Benoit explains how the various physical parts of a server (from the motherboard to the CPU and GPU) export metrics about their consumption. It was filled with acronyms that I would probably butcher if I were to transcribe them here, so I would recommend you have a look at the presentation instead.

Benoit contributes to a wider ecologically-conscious group working on a collaborative-science project called Energizta, that you can run on your dev and production machines. It gathers metrics about your consumption and hardware. On dev machines it does a stress test, while on prod machines it passively and silently pulls data from what is currently running.

The idea of Energizta is that hosting or cloud providers install the tooling on their bare metal machines, to share accurate information about their actual consumption and the activity of the different components. They then built a public database (accessible through an API), to make calculation easy by comparing the data they got with similar machines hosted by other companies.

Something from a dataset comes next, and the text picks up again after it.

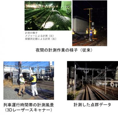 (c) 3Dレーザースキャナーを活用することにより、列車が運行する日中帯においても計測作業が可能となり、夜間作業削減等の働き方改善が期待できます。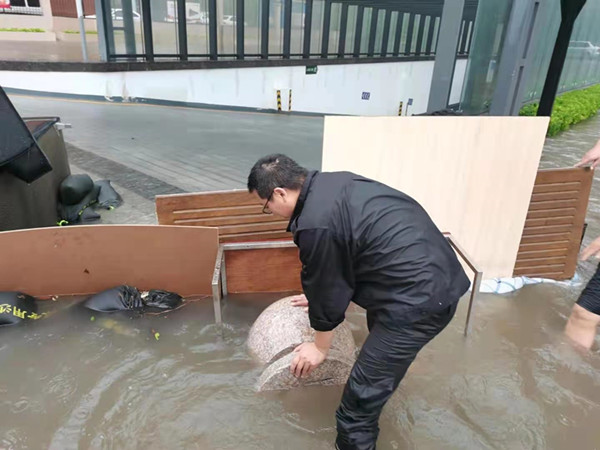 負(fù)一層這時(shí)候水已經(jīng)淹到了膝蓋處;由于配電室被淹導(dǎo)致停電,李艷軍大隊(duì)長(zhǎng)馬上摸黑帶領(lǐng)隊(duì)員裝沙袋,找擋板,蹚著近腰高的深水堵截洪水。背沙袋、拖沙袋、拉沙袋,隊(duì)員們一路小跑,不管用什么辦法,爭(zhēng)分奪秒,搶險(xiǎn)第一,戰(zhàn)勝洪水。

Benoit concluded in saying that, even if the technical aspect of the project is interesting, it’s not the hardest part. The hardest part is making sense of the data to then be able to build better models and evaluation tools that may be useful on the public cloud. Being able to compare consumption of various cloud providers is hard, as most actors aren’t really transparent. One also has to take into account the cost when the physical server is actually built. Energy consumed by ICT is only a part (and actually only a proxy measurement) of the actual environmental impacts. Reducing it is far from being enough to actually reduce the pressure ICT has on climate and mining resources, for instance.

Conclusion

We ended up the night with informal discussion around food and drinks

This CNCF meetup was everything I like about meetups. Talented and passionate people sharing their knowledge with their peers, to make us all better developers. We had many interesting discussions afterward, around food and drinks, and we can’t wait to host more meetups.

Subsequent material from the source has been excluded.